[Dataset items]
»»
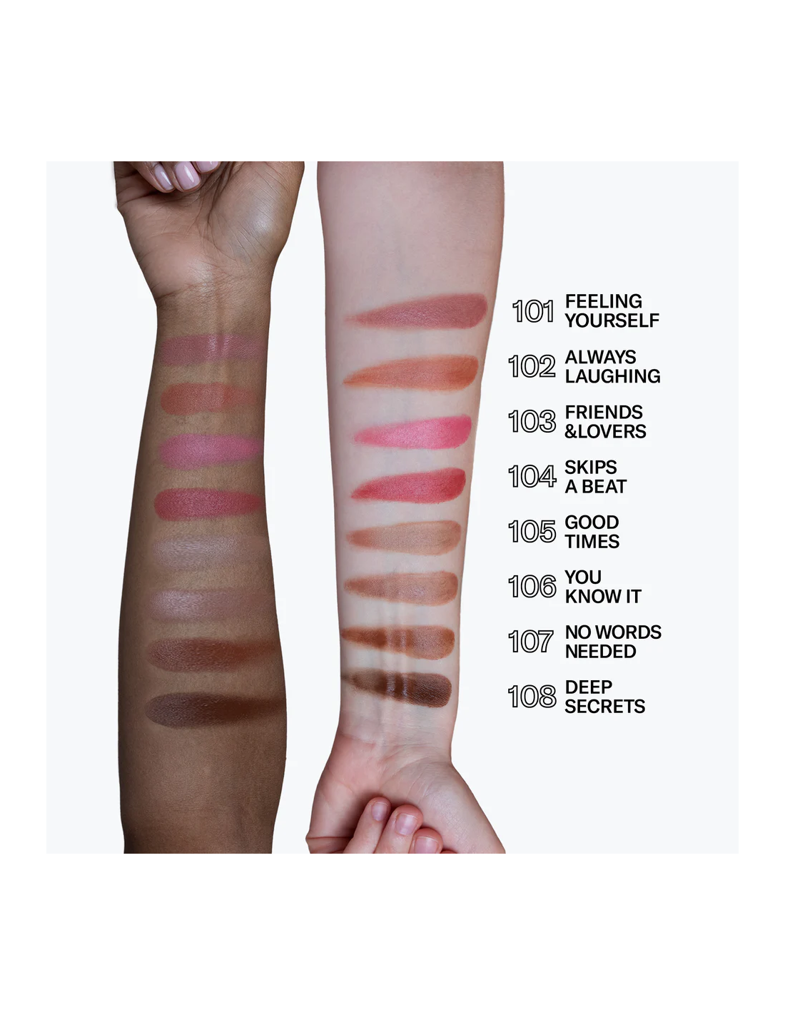 Perfetto anche per le labbra, Skin Mate consente di creare look monocromatici moderni e di tendenza. La formula, ricca di oli leggeri, garantisce un’applicazione scorrevole e pigmentata, facile da sfumare sia con pennello che con dita o make-up blender.
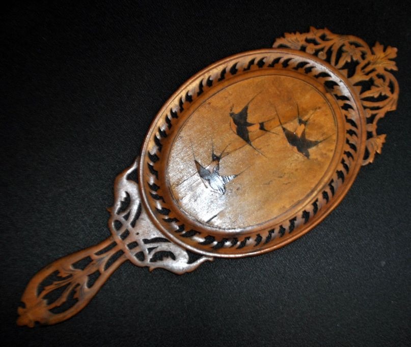 Sorrento hand mirror, 19th century. Italy. Polished olive wood with inlays in the shape of flying swallows and text: Ricordo. Faceted mirror. L.: 40.5 cm. W.: 17 cm.
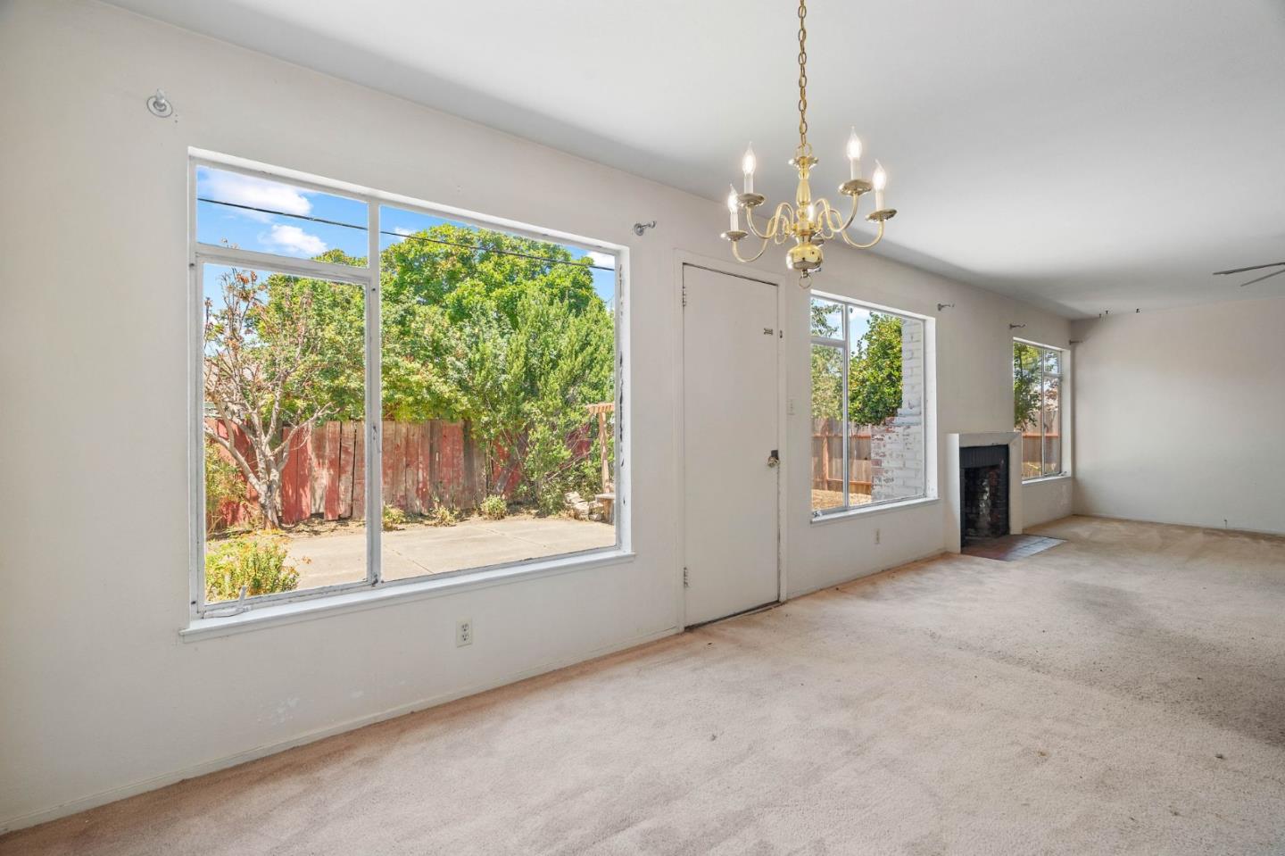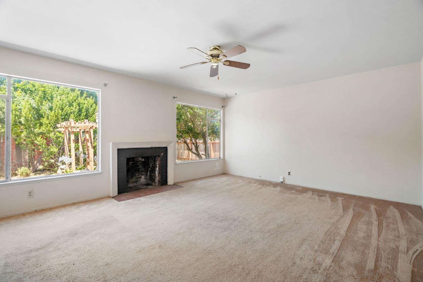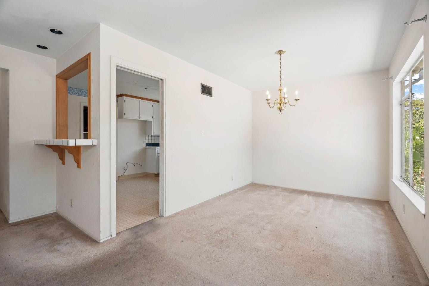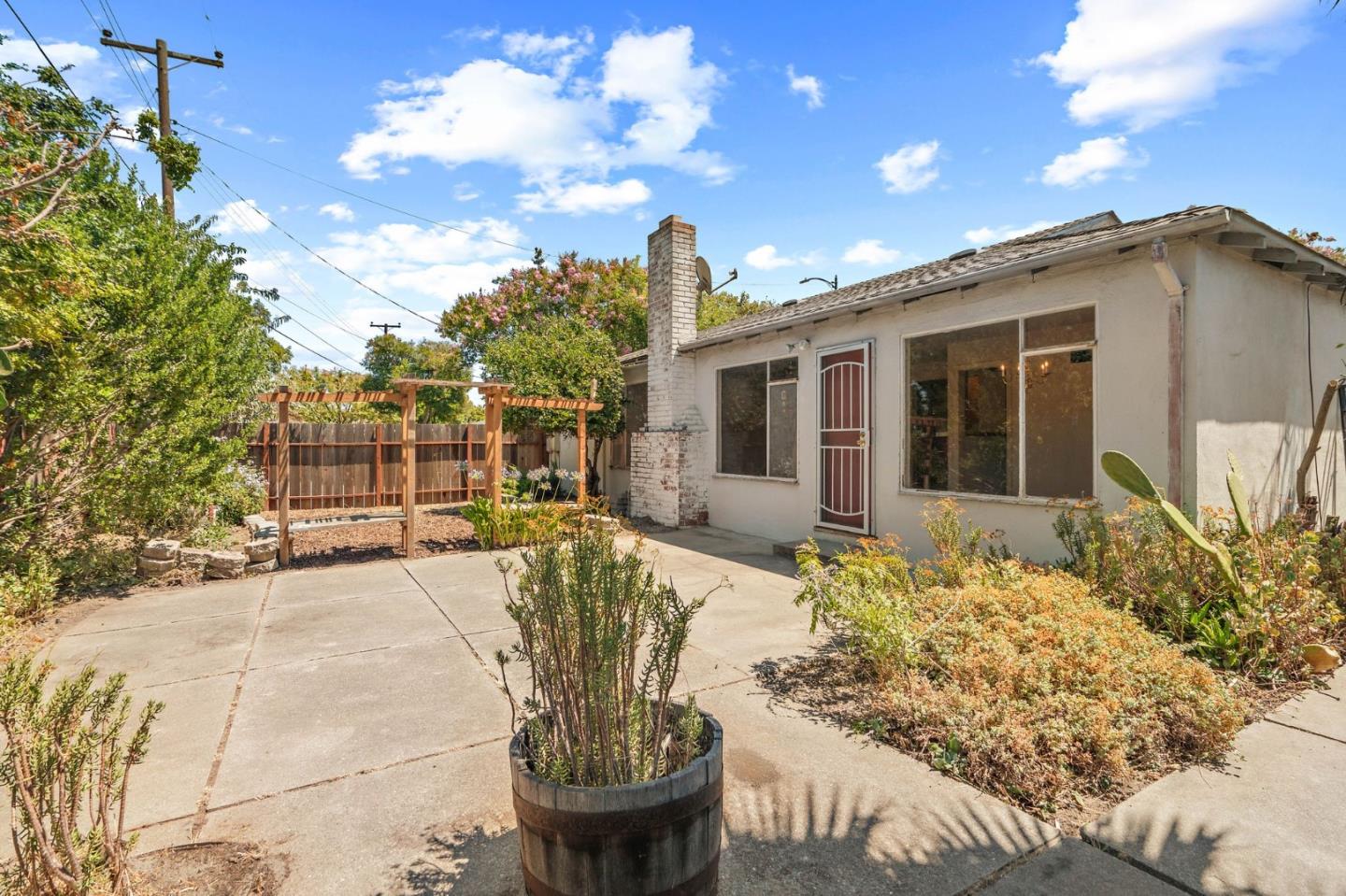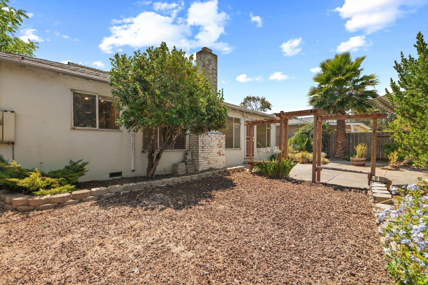 Welcome to this charming fixer-upper, built in 1953, awaiting your personal touch to transform it into your dream home. Located in the highly desirable Cherry Chase neighborhood in west Sunnyvale. Enter through a welcoming hallway complete with a convenient closet.The spacious living room features a cozy wood-burning fireplace, large picture windows that fill the space with natural light, and a ceiling fan for comfort. Adjacent is the dining area with direct access to a backyard. The cozy carpet throughout the living/dining area adds warmth to the atmosphere. The kitchen showcases vinyl flooring, tile cabinets over white wood cabinetry, a passthrough window, and a breakfast bar. With three bedrooms, two equipped with ceiling fans and ample natural light, there's plenty of space for family or guests. The bathroom features a wood vanity and a shower/tub combo with elegant glass doors. Exterior features a 2 car attached garage with workbench and half bathroom, a shaded front yard, while the backyard offers a pergola with seating and a concrete patio perfect for enjoying warm evenings. Located within walking distance to Cherry Chase Elementary and close to parks, shopping, and easy highway access
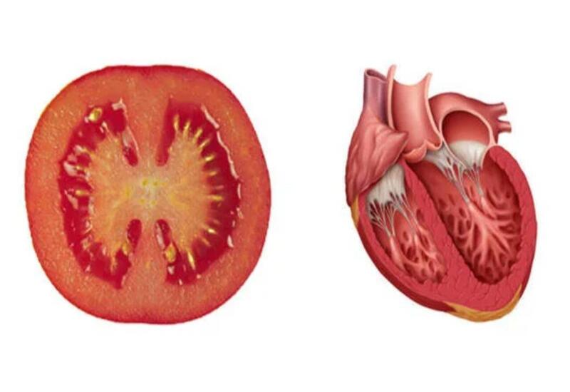 Pomidor kəsildikdə içindəki bölmələr ürəyin kameralı quruluşuna çox oxşayır. Bu meyvədə likopen adlı antioksidant var. Likopen ürək damar sağlamlığını qorumaqda mühüm rol oynayır.
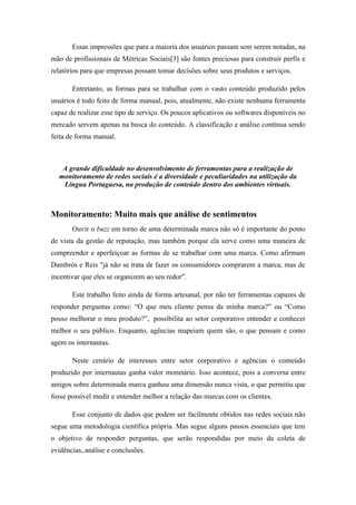 O monitoramento de redes sociais é essencial para entender a percepção do consumidor em relação às marcas, permitindo mensurar, classificar e analisar conteúdos gerados pelos usuários. Apesar da falta de ferramentas automatizadas eficazes, as agências utilizam métodos manuais para extrair insights valiosos que ajudam na gestão da reputação e na tomada de decisões corporativas. O monitoramento se tornou uma necessidade competitiva, oferecendo às empresas a capacidade de responder proativamente a crises e compreender melhor as necessidades dos consumidores.
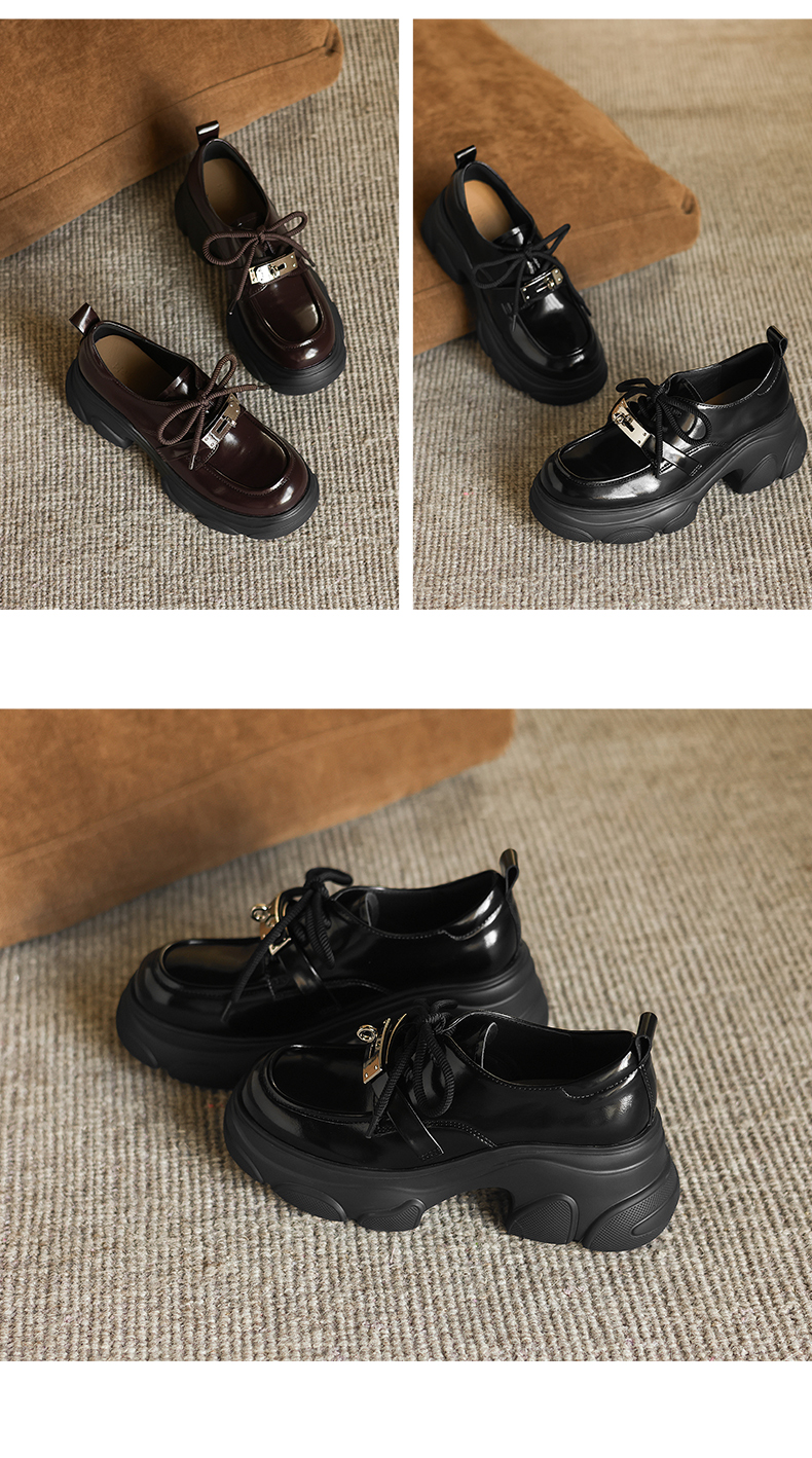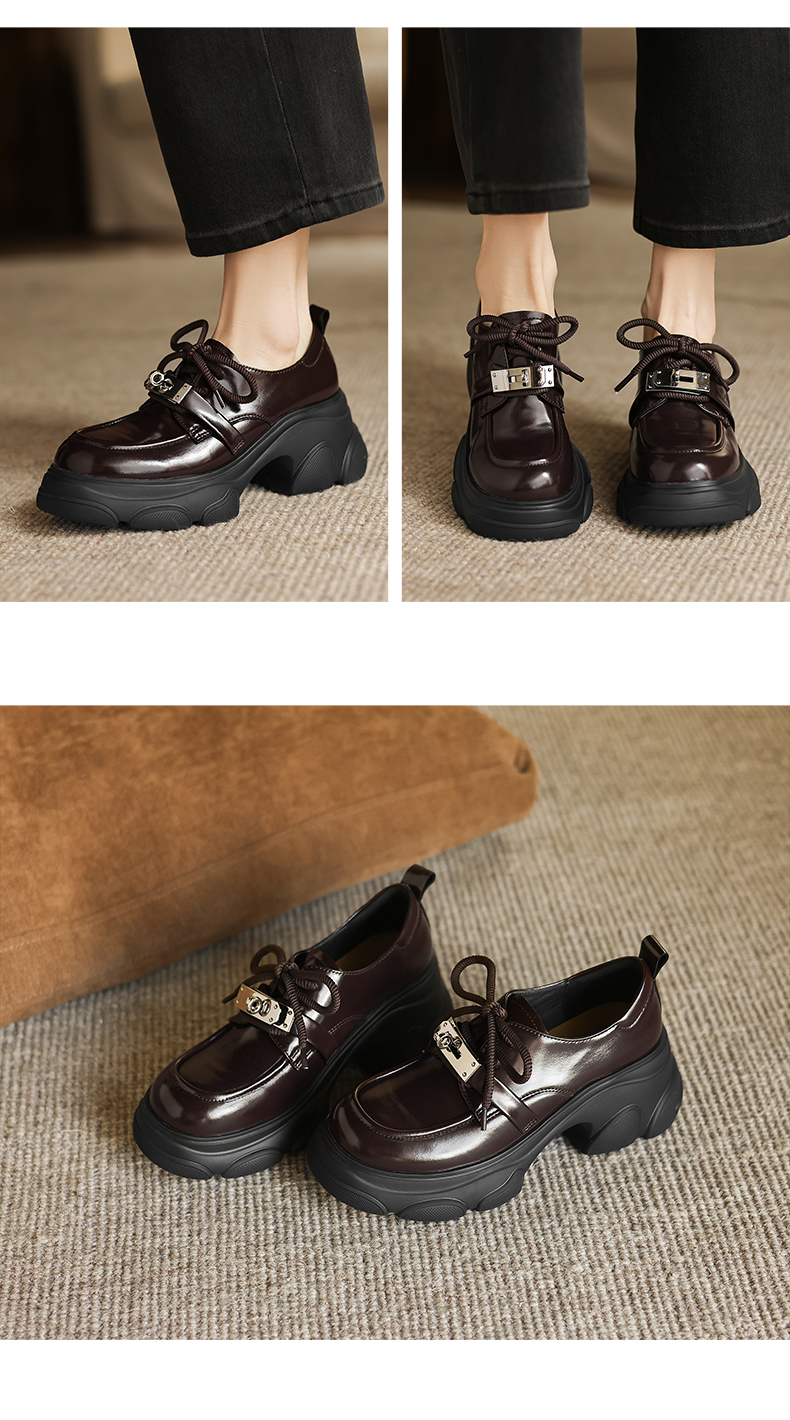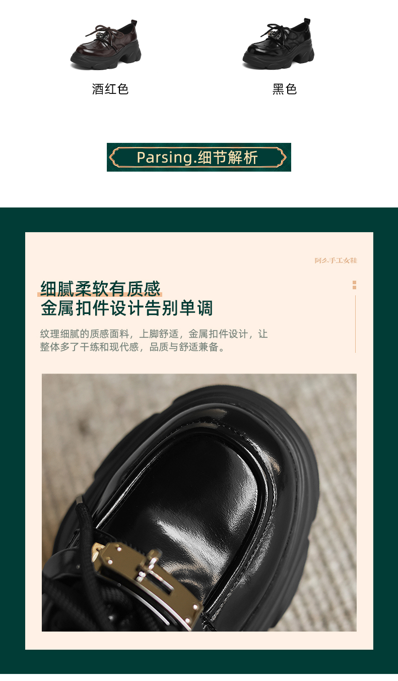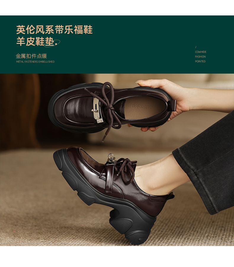阿么手工女鞋厚底系带小皮鞋女复古百搭新款金属扣真皮乐福鞋7CM
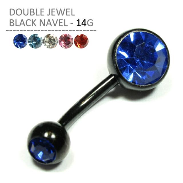 へそピアス ダブルジュエルブラックネイブル 14G ボディピアス ボディーピアス ブラック サージカルステンレス カーブドバーベル カーブバーベル 耳ピアス イヤーロブ ヘソピアス
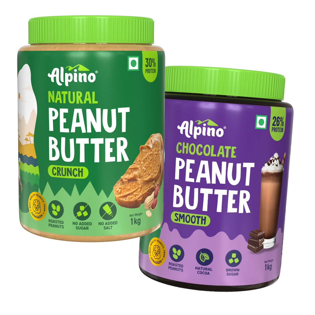 Best Seller Peanut Butter Combo - Natural Crunch 1kg & Chocolate Smooth 1kg - Saver Value Pack
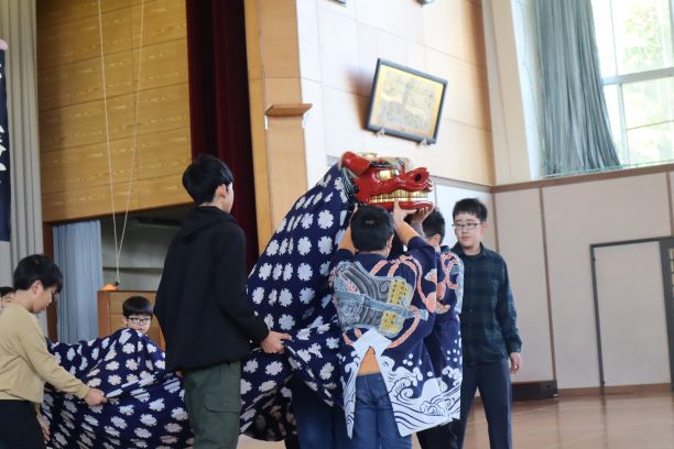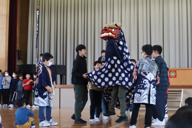 その後、体育館へ移動し、子獅子舞の披露がありました。
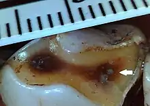 Wear on the surface of a tooth can lead to the exposure of the underlying dentine. When wear is severe tertiary dentine may form to help protect the pulp chamber.[4] Frequency of tertiary dentin in different species of primate suggests teeth 'heal' at different rates in different species.[5] Gorillas have a high rate of tertiary dentin formation, with over 90% of worn teeth showing tertiary dentine.[5] Hominins have a much lower rate of tertiary dentin formation, with around 15% of teeth that have dentin exposed through wear showing tertiary dentin formation.[5] Chimpanzees have rates in between gorillas and humans, with 47% of worn teeth showing ‘healing’.
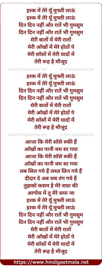 Lyrics of Ishq Me Tere - इश्क में तेरे यूँ मुफ्ती लाऊं
««
What to produce
Where the line with "Best Seller Peanut" appears in the entries above, begin there and restate every line to the end word for word, minus the pictures.

Output for this task
 Best Seller Peanut Butter Combo - Natural Crunch 1kg & Chocolate Smooth 1kg - Saver Value Pack
 その後、体育館へ移動し、子獅子舞の披露がありました。
 Wear on the surface of a tooth can lead to the exposure of the underlying dentine. When wear is severe tertiary dentine may form to help protect the pulp chamber.[4] Frequency of tertiary dentin in different species of primate suggests teeth 'heal' at different rates in different species.[5] Gorillas have a high rate of tertiary dentin formation, with over 90% of worn teeth showing tertiary dentine.[5] Hominins have a much lower rate of tertiary dentin formation, with around 15% of teeth that have dentin exposed through wear showing tertiary dentin formation.[5] Chimpanzees have rates in between gorillas and humans, with 47% of worn teeth showing ‘healing’.
 Lyrics of Ishq Me Tere - इश्क में तेरे यूँ मुफ्ती लाऊं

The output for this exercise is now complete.